But that's still, at least for me, doesn't necessarily solve the problems that we do see in capital markets specifically related to, transparency, related to inclusivity, related to 24 over seven access to trading facilities, which, I mean, they only run 9 to 5 every day, which is horribly unfortunate. I mean, that's why. But but if you have something to sell and, you know, another Bitcoin, you can call that guy whenever you want like that. Bitcoin is always open.

Like but what if I want to I mean but what if I know what if I know somebody that has something to sell. And I'm a strong believer in his vision. I'm a strong believer in the product that he's created and his ability to sell it. And I would like to have an ownership stake, or rather. And so let's think about like this. I don't want to have an ownership stake in his company and the future of equity that like, equity. Right.

But maybe not consider it equity, but, what was the, what did you call it? You don't own Bitcoin.

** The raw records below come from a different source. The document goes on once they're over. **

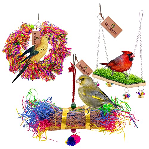 GREENBIRDS TOYS Pack Of 3 Pcs Include Paper Shredded Foraging Chew Toy, Grass Swing, Cage Hanging Accessories Birds Toys Natural Wood Parrot Toys Cage Accessories Training Aid, Perch For Bird & Parrot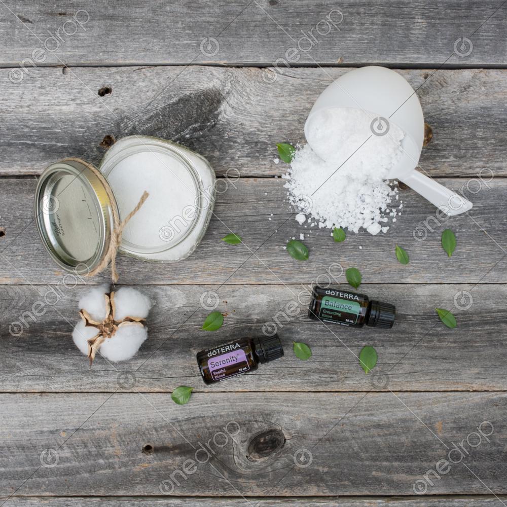 Bath Salts Layflat with dōTERRA Serenity and dōTERRA Balance Oil Blends on rustic wood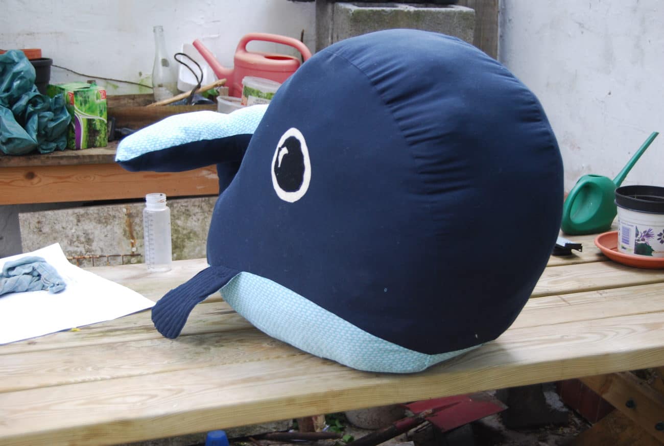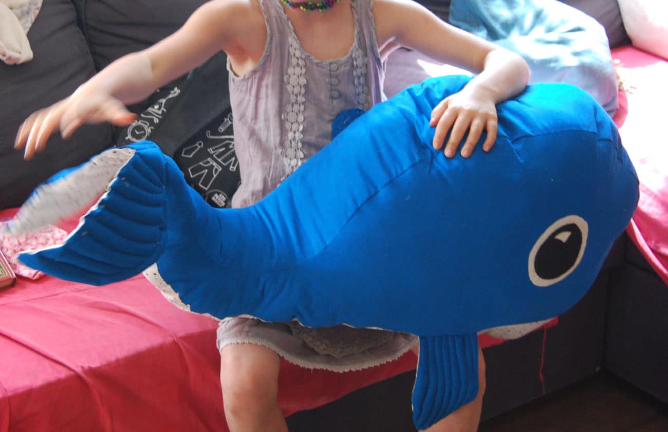 La petite baleine n’est pas si petite ! Comme un grand coussin, elle se laisse prendre dans les bras. Si vous voulez passez une commande, sachez qu’elles sont toutes uniques et coûte dans les 60 EUR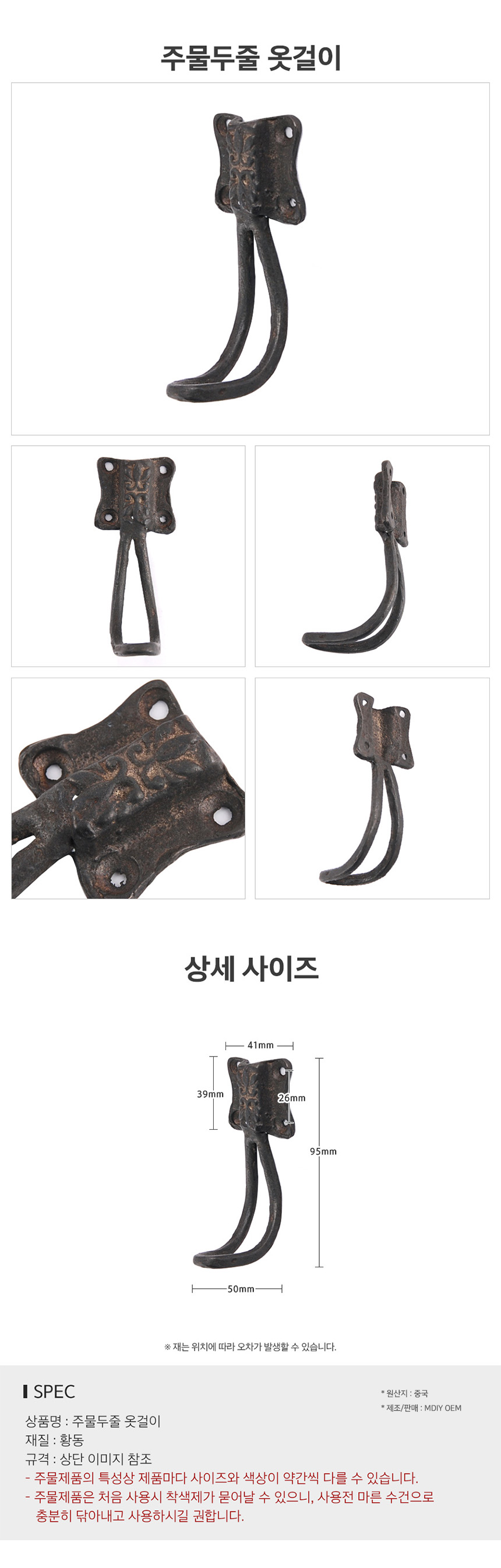 인테리어 두줄 주물옷걸이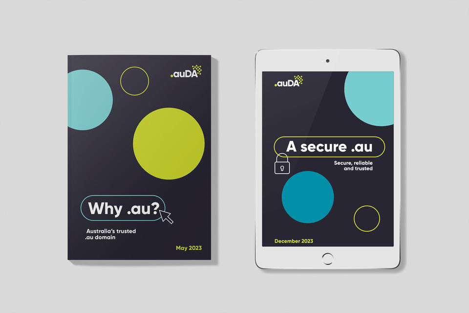 auDA required two new reports to help tell a positive story about community trust and confidence in .au. They were designed in the same style and filled with infographics to present the .au data in an engaging and informative way. The reports use just two colours from auDA's brand guidelines, with the aim being to change these each year.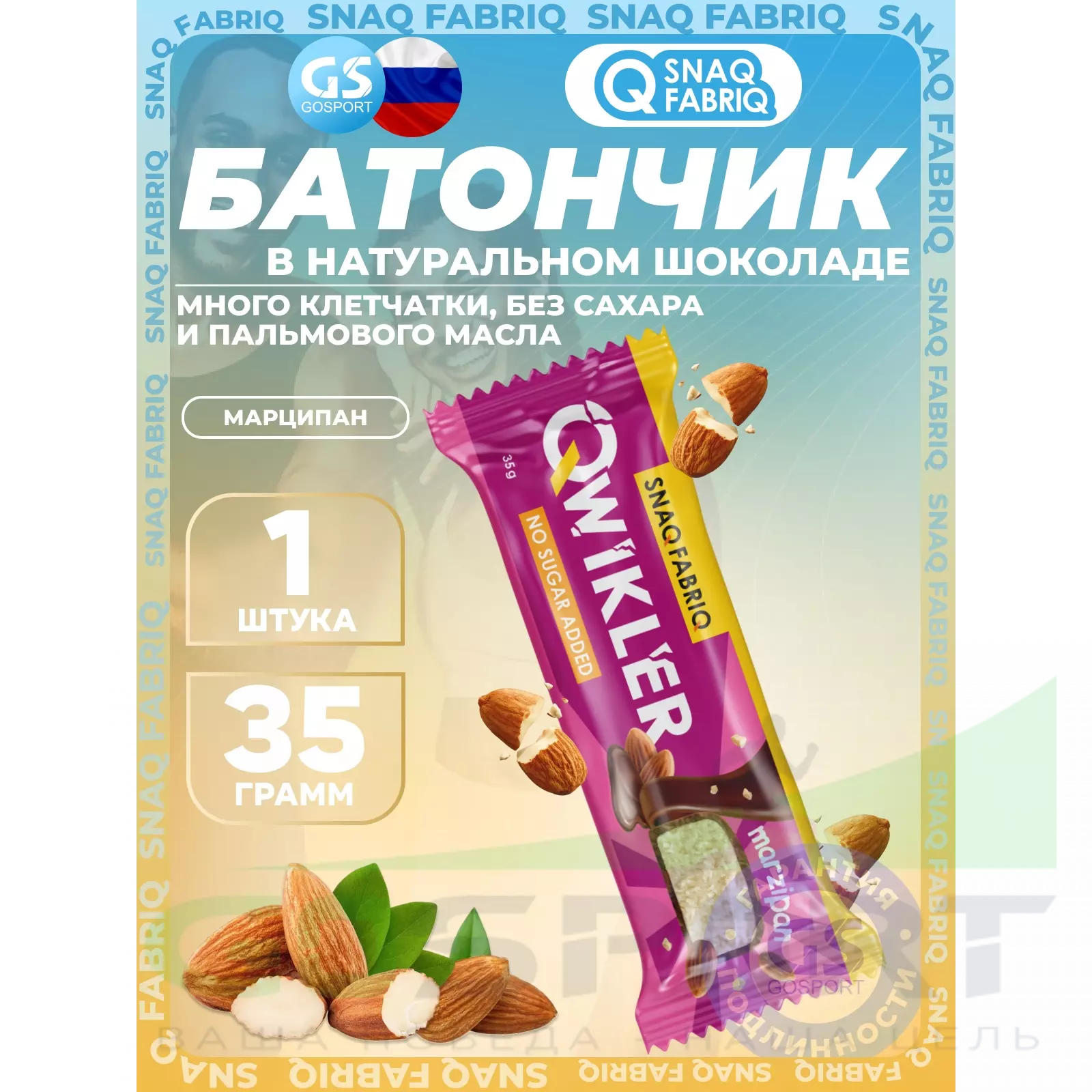 SNAQ FABRIQ QWIKLER (Квиклер) без сахара 35 г, Марципан — Полезный перекус и поддержка диеты

You possess bitcoin. I want I want a possession of you don't even possess it. But anyway, going hey, you want a part of his company like you want to part of its company, which is an equity. And then in that bitcoin ization world I still can't outside of you create some sort of automated contractual system where I don't believe I of the I don't believe that either. I don't believe in smart contracts.

I think they're dumb contracts because you're still always going, oh, you mean the you mean the wonderful if then statements that we pretend are smart contracts. Yeah, exactly. And unlike as soon as as I said before, with a set being the internal mechanism of the system, as soon as you attach a blockchain to something in the outer world that does something external, then it then it messes with the internal incentives of the system.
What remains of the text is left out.